#### [Work request]
Leaving the pictures aside, reproduce the data in full and word for word.

#### [Recorded information]

┌──

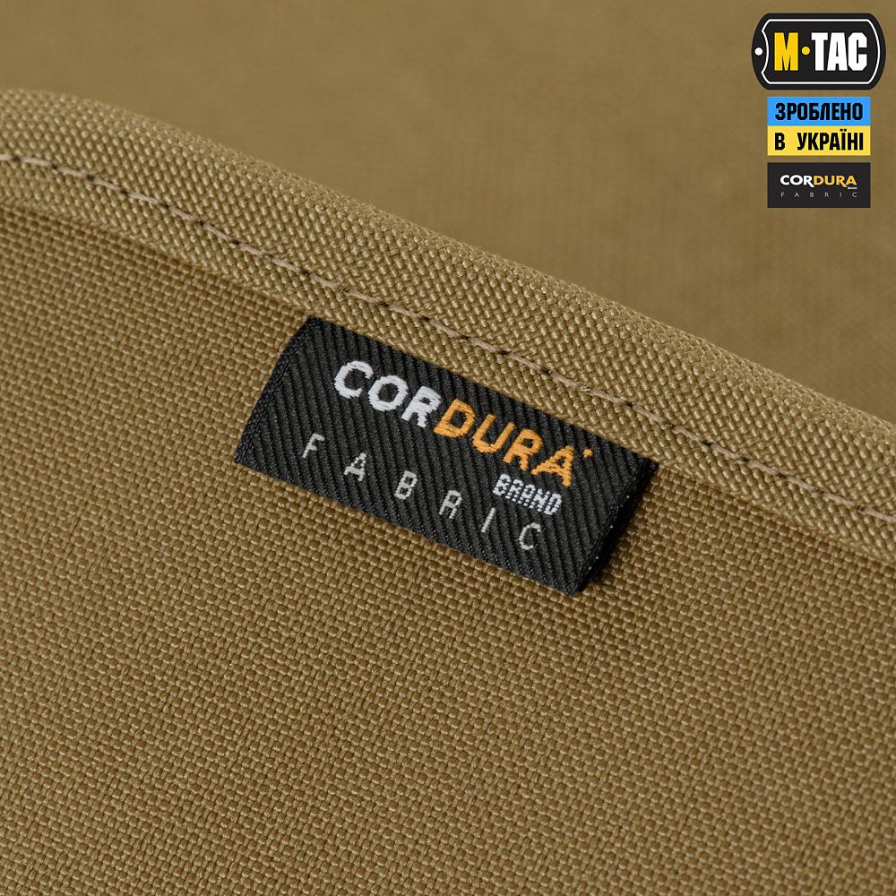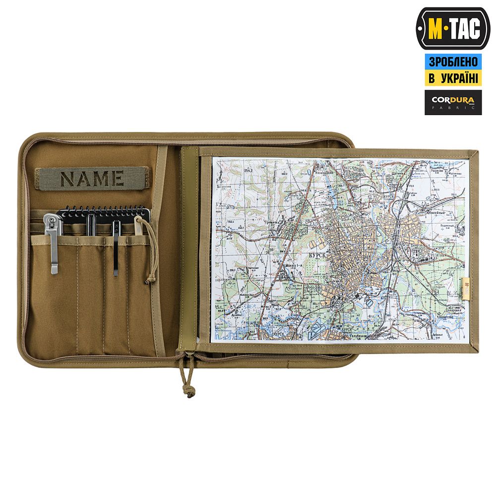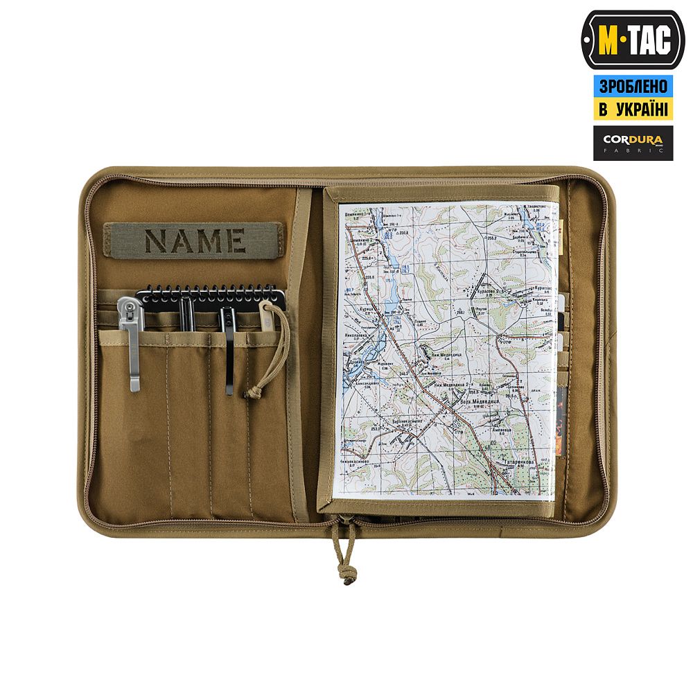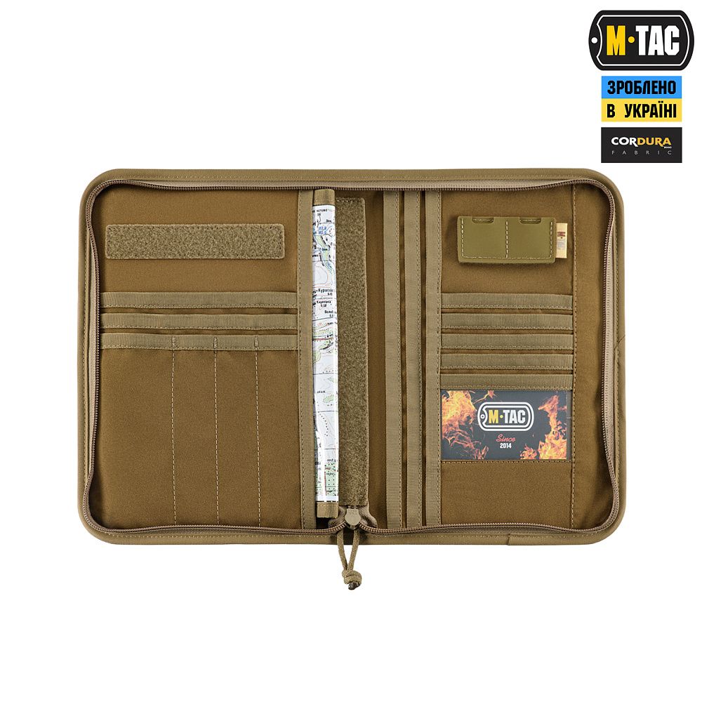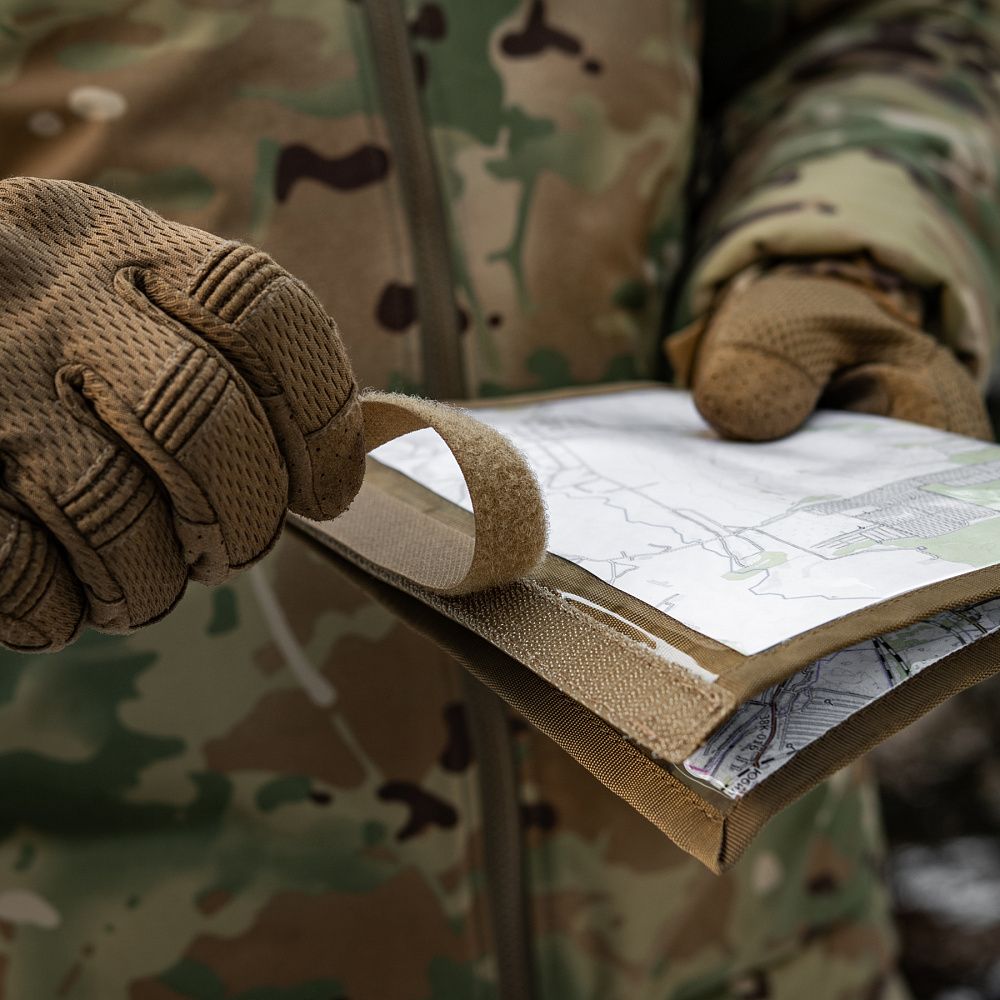 M-Tac планшет-органайзер А5 Elite виготовлений з Cordura 500D - якісного матеріалу, стійкого до стирання та високих навантажень. Внутрішня частина підсумка виконана з матеріалу Oxford, а відділення для карт пам’яті з інноваційного матеріалу Hypalon.
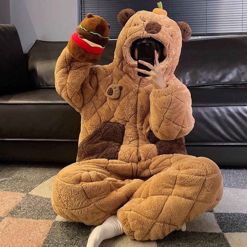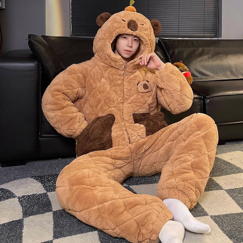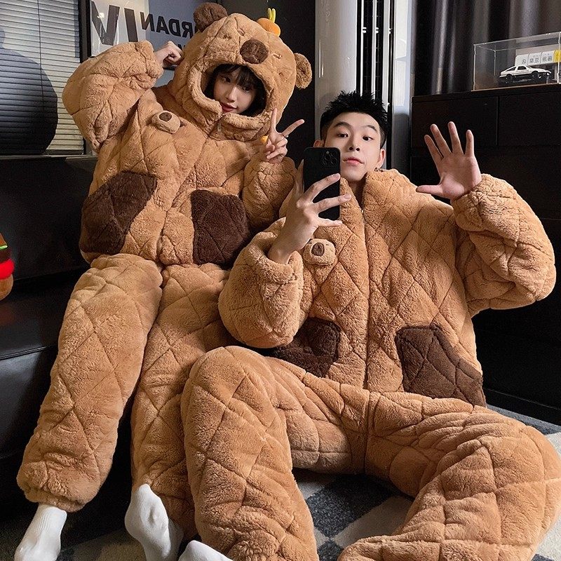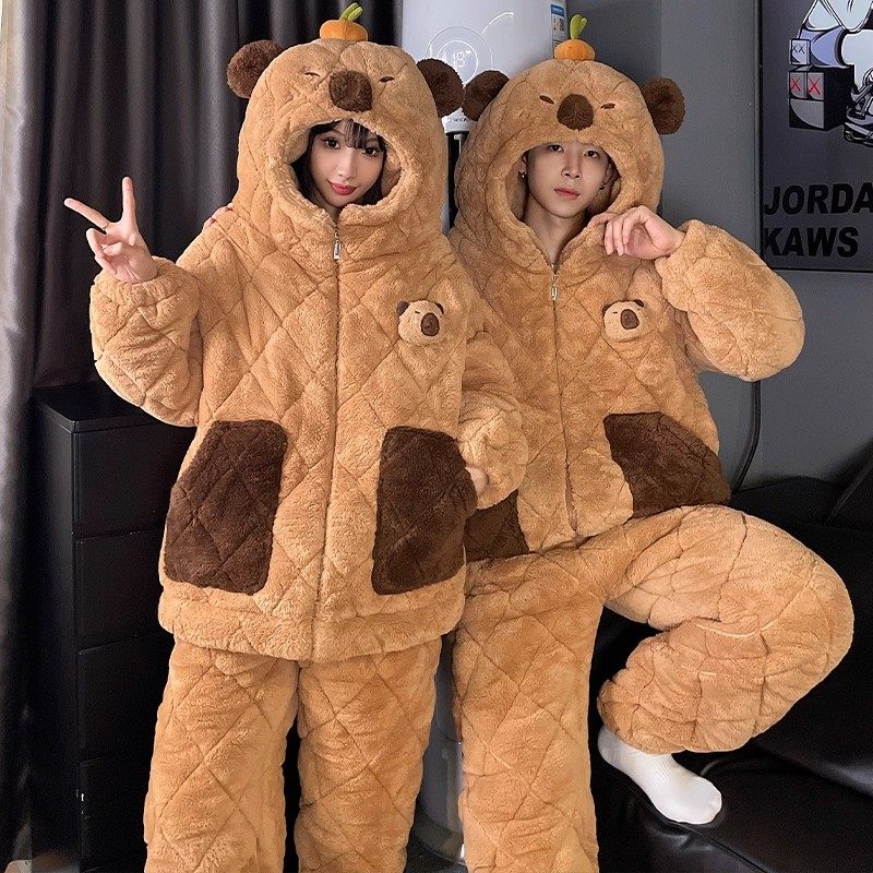 2025情侣睡衣女冬季加绒加厚珊瑚绒三层夹棉男士秋冬款家居服可爱
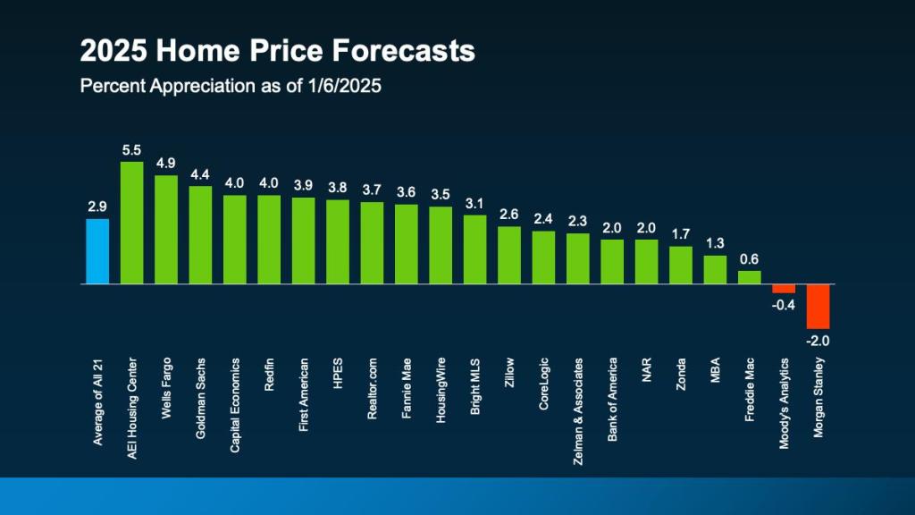 The short answer? Not likely. While mortgage rates are expected to ease, home prices are projected to keep climbing in most areas – just at a slower, more normal pace. If you average the expert forecasts together, you’ll see prices are expected to go up roughly 3% next year, with most of them hitting somewhere in the 3 to 4% range. And that’s a much more typical and sustainable rise in prices (see graph below):
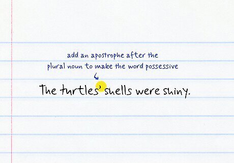 Add an apostrophe after a plural noun that ends in S. If a plural noun already ends in S, add an apostrophe after the S to make the word possessive. Because that S is already there, there is no need to add another one after the apostrophe. Ex: schools becomes schools’ Ex: dolls becomes dolls’ Ex: turtles becomes turtles’
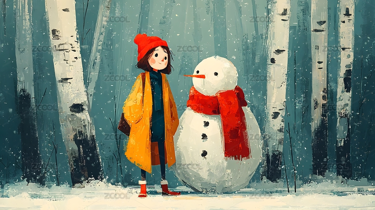冬日雪人与女孩的森林
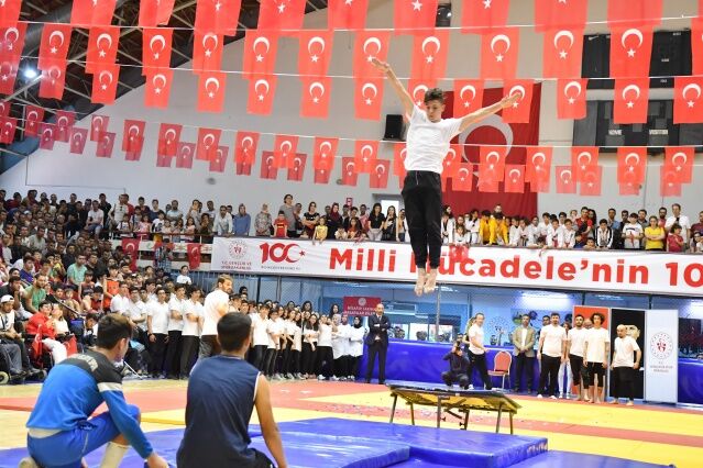 Türkiye Cumhuriyetinin kurucusu Gazi Mustafa Kemal Atatürk'ün kurtuluş mücadelesini başlatmak için 19 Mayıs 1919 tarihinde Samsun'a çıkışının 100. yılı tüm yurtta olduğu gibi Manisa'da da coşkuyla kutlandı. 19 Mayıs Atatürk'ü anma, Gençlik ve Spor Bayramı kutlamaları ilk olarak Cumhuriyet Meydanındaki Milli Egemenlik Anıtına Gençlik ve Spor İl Müdürlüğü tarafından çelenk sunulmasıyla başladı. Meydandaki öğrenciler ve sporcular ellerinde 100. yıl anısına 100 metrelik Türk bayrağı ile bandonun çaldığı marşlar eşliğinde kutlama programının yapılacağı Atatürk Spor Salonuna yürüdü.

└──

#### [Answer to the exercise]
 M-Tac планшет-органайзер А5 Elite виготовлений з Cordura 500D - якісного матеріалу, стійкого до стирання та високих навантажень. Внутрішня частина підсумка виконана з матеріалу Oxford, а відділення для карт пам’яті з інноваційного матеріалу Hypalon.
 2025情侣睡衣女冬季加绒加厚珊瑚绒三层夹棉男士秋冬款家居服可爱
 The short answer? Not likely. While mortgage rates are expected to ease, home prices are projected to keep climbing in most areas – just at a slower, more normal pace. If you average the expert forecasts together, you’ll see prices are expected to go up roughly 3% next year, with most of them hitting somewhere in the 3 to 4% range. And that’s a much more typical and sustainable rise in prices (see graph below):
 Add an apostrophe after a plural noun that ends in S. If a plural noun already ends in S, add an apostrophe after the S to make the word possessive. Because that S is already there, there is no need to add another one after the apostrophe. Ex: schools becomes schools’ Ex: dolls becomes dolls’ Ex: turtles becomes turtles’
冬日雪人与女孩的森林
 Türkiye Cumhuriyetinin kurucusu Gazi Mustafa Kemal Atatürk'ün kurtuluş mücadelesini başlatmak için 19 Mayıs 1919 tarihinde Samsun'a çıkışının 100. yılı tüm yurtta olduğu gibi Manisa'da da coşkuyla kutlandı. 19 Mayıs Atatürk'ü anma, Gençlik ve Spor Bayramı kutlamaları ilk olarak Cumhuriyet Meydanındaki Milli Egemenlik Anıtına Gençlik ve Spor İl Müdürlüğü tarafından çelenk sunulmasıyla başladı. Meydandaki öğrenciler ve sporcular ellerinde 100. yıl anısına 100 metrelik Türk bayrağı ile bandonun çaldığı marşlar eşliğinde kutlama programının yapılacağı Atatürk Spor Salonuna yürüdü.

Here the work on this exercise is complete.